Let me tell you a story about the patient who changed my perspective. This patient had a dressing change that was really uncomfortable and I was sharing her care with one of my classmates. He was doing the actual dressing change, but I was there and I talked to my patient and distracted them from this very uncomfortable task. At the end, the look of surprise on their face that was it was already over was reward enough. Later in the day, this patient got extremely confused and anxious and I was able to calm them down because earlier in the day when I was talking with them I held eye contact, and they remembered me, knew they were safe - but more than that, they thanked me! A patient, thanked me, a student who was rather insecure being in the hospital, for caring for them. I could see, I experienced the difference a single person can make in the life of another by loving them. And the thing is, on mother infant and labor and delivery units you don't get these patients. You see the gift of new life, which is beautiful, and a true miracle, a true gift from God, but it's not the patient population I have been given a heart for. So school is hard, but the Lord is greater than school. And I know good will come out of this time I spend seeing new life.

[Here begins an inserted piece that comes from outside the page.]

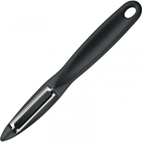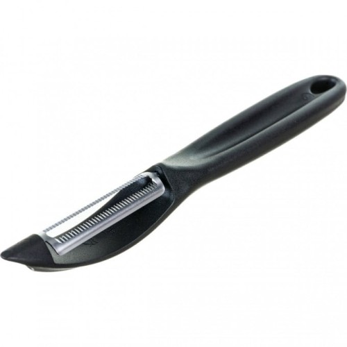 Овощечистку одинаково удобно могут использовать как правши, так и левши, рабочие движения возможно осуществлять в двух направлениях, от себя и к себе. На рукоятке есть небольшое отверстие для удобного размещения инструмента в интерьере.

But the Lord is good - Each day, I remind myself of this truth - that the Lord is good. Life has been hard lately, but I don't often notice that I'm in  rough patch, only when people ask how I am, or how school is. I am convinced I don't notice these things because the Lord is pouring an abundance of His grace upon me, upon this city of Columbus, upon his people here. Because even though it's hard, I am still joyful, I still know I am loved, I still have a zeal for the mission of the Kingdom of God - the mission to be a beacon of light and hope in this world of darkness.

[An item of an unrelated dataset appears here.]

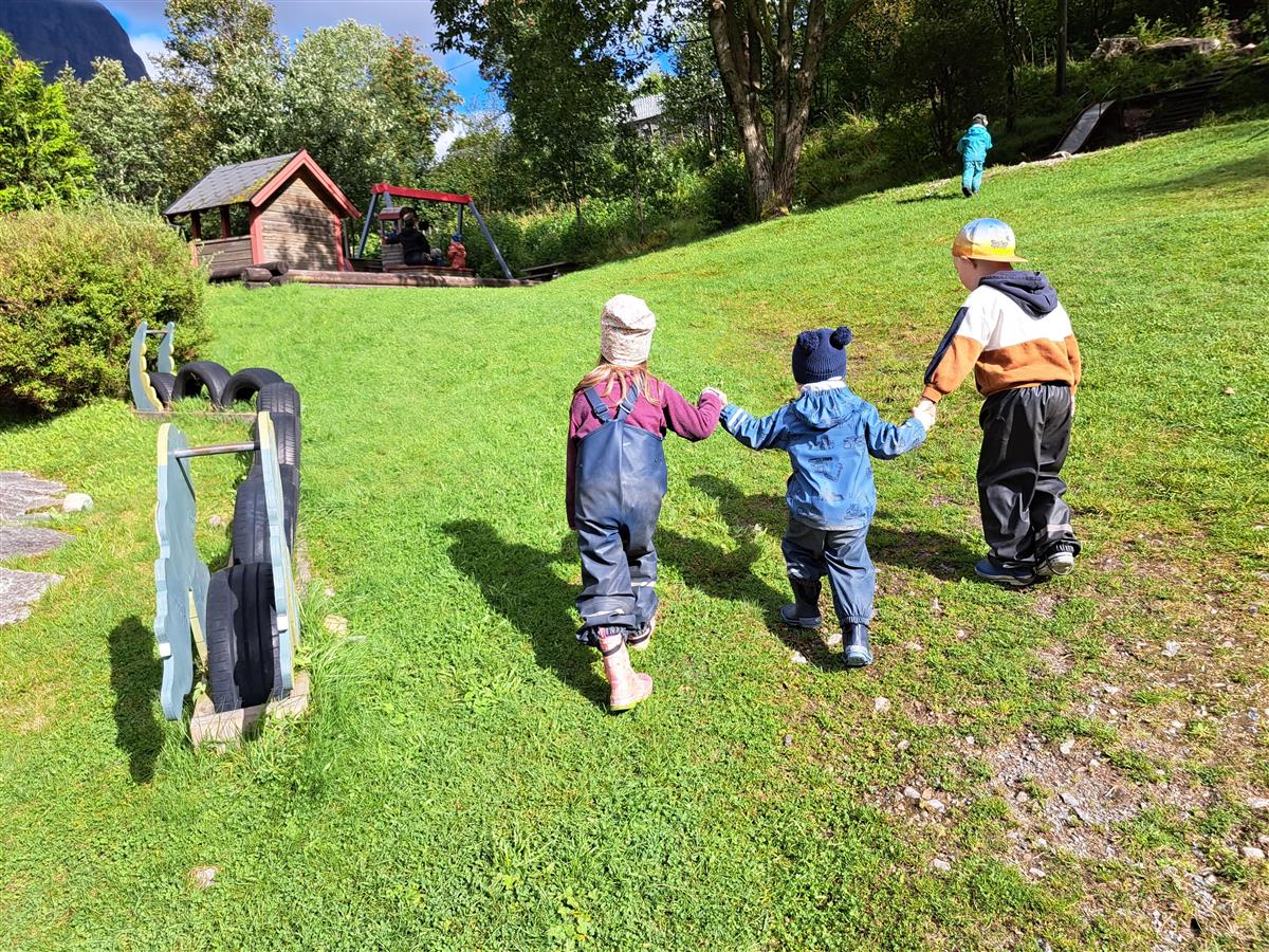 “Hei Johan!” Den største guten i barnehagen kjem bort for å seie hei. “Vil du vere med opp i skogen? Det er fint å gå der. Eg kan holde handa di.” Johan lyser opp. Det er ein skog i barnehagen. Øvst oppe, bak alle sklier og leikeapparat går det ei trapp opp til ein liten sti i skogen. Det er ulent terreng der, så det er fint å ha ei hand å halde i for dei små.

We have a Father who loves us deeply, and intimately. We have a Father who keeps His promise to never leave or forsake us. We have a Father who ceaselessly lavishes us in His love - he literally wastes His love on us because He cares for us that much. So I may be wishing I was in a different state of life, I may be wishing things were different, I may be wishing I was taking classes that I loved and wishing I loved what I was learning as much as I did last year, but all of this is nothing because the Lord has something so much better in store for us than what we plan for ourselves. For these things too shall pass.

Through the ups & downs, through the good times & bad may we remember that this too shall pass. May we recall the Father who loves us without ceasing. May we seek to know who we are as children of God in serving our God and laying down our lives for the building up of His Kingdom.